● Assignment
Begin the copy at the line containing "Se aplicó los" in the data below and end it at the line containing "多邻国称,在自家平台,与去年", keeping each line exact and leaving out pictures.

● Data for review
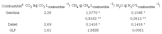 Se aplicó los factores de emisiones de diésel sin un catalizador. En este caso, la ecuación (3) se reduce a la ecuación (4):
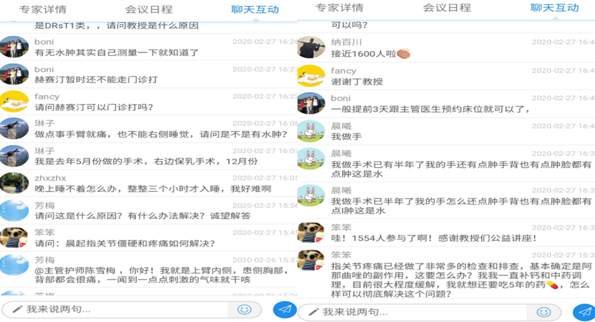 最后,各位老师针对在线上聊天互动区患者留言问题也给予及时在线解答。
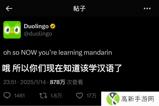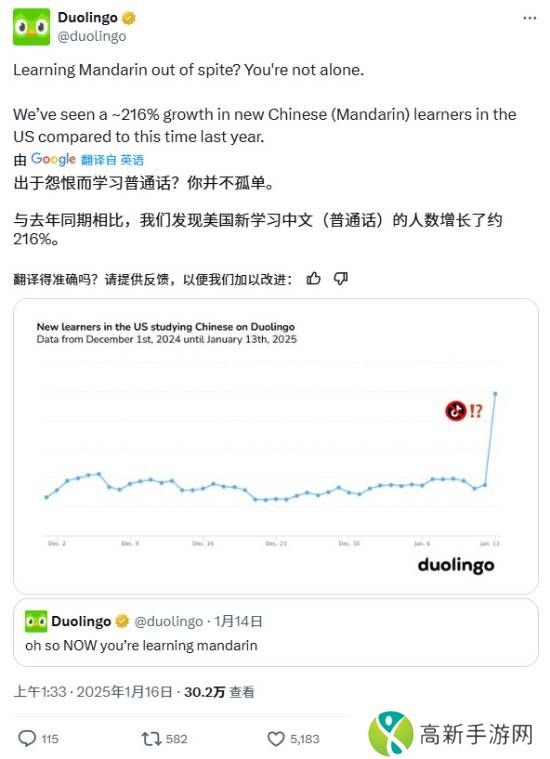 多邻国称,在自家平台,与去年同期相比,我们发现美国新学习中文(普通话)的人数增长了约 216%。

--

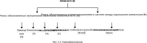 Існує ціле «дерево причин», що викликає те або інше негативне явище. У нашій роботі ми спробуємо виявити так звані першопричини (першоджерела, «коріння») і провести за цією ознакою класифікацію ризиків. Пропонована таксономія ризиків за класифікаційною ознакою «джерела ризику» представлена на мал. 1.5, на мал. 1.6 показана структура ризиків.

--

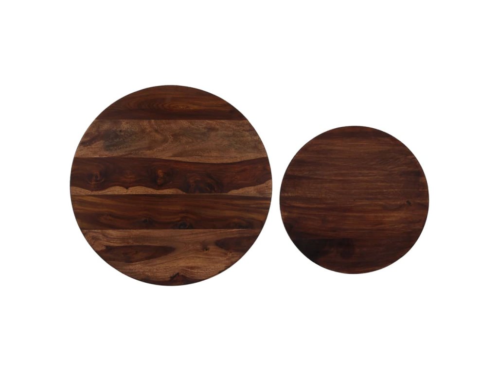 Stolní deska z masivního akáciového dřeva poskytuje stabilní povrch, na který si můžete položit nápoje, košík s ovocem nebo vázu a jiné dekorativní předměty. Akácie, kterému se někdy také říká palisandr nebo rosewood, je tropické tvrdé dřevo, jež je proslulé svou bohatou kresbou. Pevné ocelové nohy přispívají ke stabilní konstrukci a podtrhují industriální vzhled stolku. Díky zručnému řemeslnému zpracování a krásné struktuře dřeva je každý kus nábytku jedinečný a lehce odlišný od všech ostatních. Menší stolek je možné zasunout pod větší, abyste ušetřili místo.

● Written solution
 Se aplicó los factores de emisiones de diésel sin un catalizador. En este caso, la ecuación (3) se reduce a la ecuación (4):
 最后,各位老师针对在线上聊天互动区患者留言问题也给予及时在线解答。
 多邻国称,在自家平台,与去年同期相比,我们发现美国新学习中文(普通话)的人数增长了约 216%。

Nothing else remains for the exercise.